To quantify the value of data reuse, the researchers introduced a key metric: Effective Reuse Rate ($E(K, N)$).

Its definition is very intuitive: if you train for $K$ epochs on a dataset of size $N$, then to achieve the same model performance with only 1 epoch, how much new data would you need? The ratio of that new dataset size to the original size $N$ is $E(K, N)$.

If $E(4, N) \approx 4$, it means that training for 4 epochs on $N$ data points is almost equivalent to training for 1 epoch on $4N$ new data points, making data reuse highly efficient.

Previously, a widely discussed empirical study (Muennighoff et al., 2023) found that for large language models, when $K \le 4$, $E(K, N)$ is approximately equal to $K$, but as $K$ increases, the gains quickly saturate. However, their model ignored a key variable—the initial dataset size $N$.

A New Theoretical Insight: Starting from Linear Regression

To precisely analyze the mechanism behind data reuse, this paper chose a “golden testbed” for theoretical analysis—Linear Regression. By rigorously deriving the training dynamics of stochastic gradient descent (SGD), the researchers obtained an exact characterization of $E(K, N)$.

The core findings show two distinctly different behaviors in two stages:

When the number of training epochs $K$ is small (strictly speaking, $K=o(\log N)$):

The paper proves that $E(K, N) \approx K$.

This means that in the early stage of training, each repeated epoch is almost like using entirely new data, with linear and nearly lossless gains. This is consistent with previous empirical observations.

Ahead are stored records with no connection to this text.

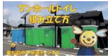
YouTube東松島市下水道チャンネル
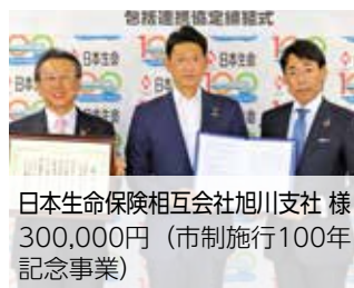
日本生命保険相互会社旭川支社 様 300,000円(市制施行100年記念事業)
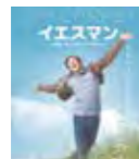
▲「イエスマン“YES”は人生のパスワード 特別版」(ワーナー・ホームビデオ ¥1,500)
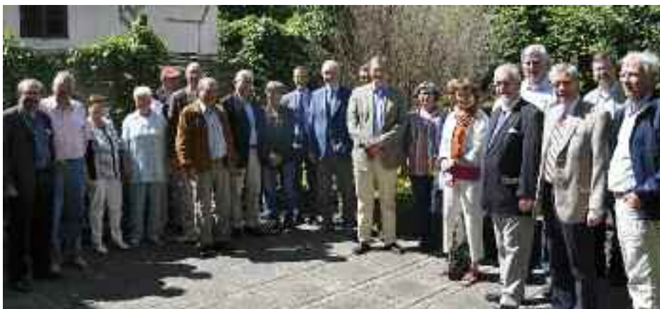
Sydslesvigudvalget på besigtigelsestur i Sydslesvig - her sammen med de sydslesvigske venner i gården bag Tønnsenhuset i Flensborg-Nord.

Med ordene: retsind, lovsind, frisind og storsind blev den nye pagt mellem Sydslesvig og Danmark besejlet. Og som en understregning af det vilde sammenhold mellem mindretallet og Danmark, modtog vi Dronningens nytårshilsen som endnu et håndslag hen over grænsen til "de danske i Sydslesvig. De har boet og levet på den sam-
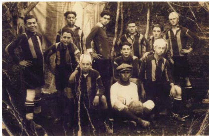
Victoria Eugènia F.C.

La lliga va durar entre novembre de 1924 i abril de 1925. Els Resultats varen ser els següents:
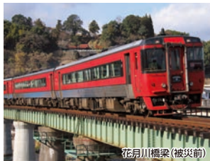
花月川橋梁(被災前)

昨年7月に九州北部豪雨で甚大な被害を受けた花月川橋梁。皆さまからのご支援を賜り、ついに復旧を果たすことができました。今回は久大本線全線復旧を祝い、不通となっていた光岡駅～日田駅を巡る特別コースです。
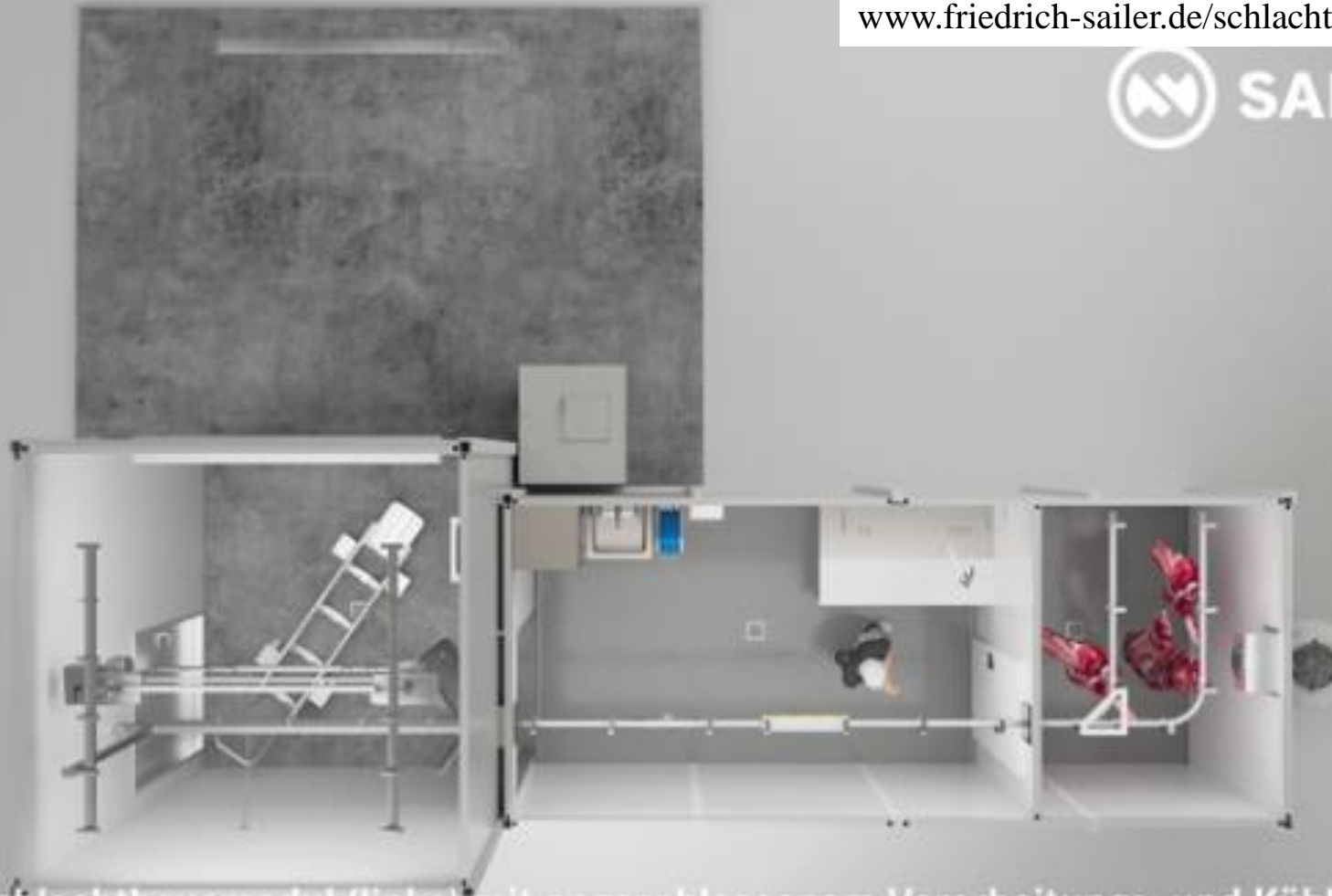
Sailer Schlachthausmodul (links) mit angeschlossenem Verarbeitungs- und Kühlraum
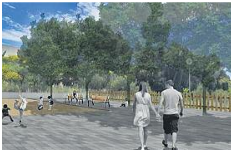
Així quedaria un dels espais.

Collbató, situat al peu de Montserrat, està dividit pel pas de l'autovia A2 i té una població de 4.389 habitants que es localitza en dos nuclis originaris i un seguit d'urbanitzacions de baixa densitat. El Pla proposa unes estratègies per cohesionar els diversos teixits del municipi com són la creació d'una xarxa de prioritat de vianants i bicicletes que connectin els nuclis i equipaments amb uns itineraris amables i adients que en fomentin el seu ús, i la distribució d'uns nodes d'espai públic pel territori urbà que assegurin

When the number of training epochs $K$ is large ($K=\omega(\log N)$):

The growth of $E(K, N)$ slows down and approaches a plateau. But the key point is that this plateau is not a fixed constant; it is positively correlated with the dataset size $N$, specifically $\Theta(\log N)$.

Figure 1: The trend of the effective reuse rate $E(K,N)$ as the number of training epochs $K$ changes. It grows linearly when $K$ is small, then enters a plateau, and the plateau height increases as the dataset size $N$ grows.

Core Conclusion: The Larger the Dataset, the More You Can “Live Off the Past”

This theoretical result brings an extremely important practical implication: the larger the dataset, the more slowly the marginal benefit of repeated training declines, and the higher the upper bound of data reuse.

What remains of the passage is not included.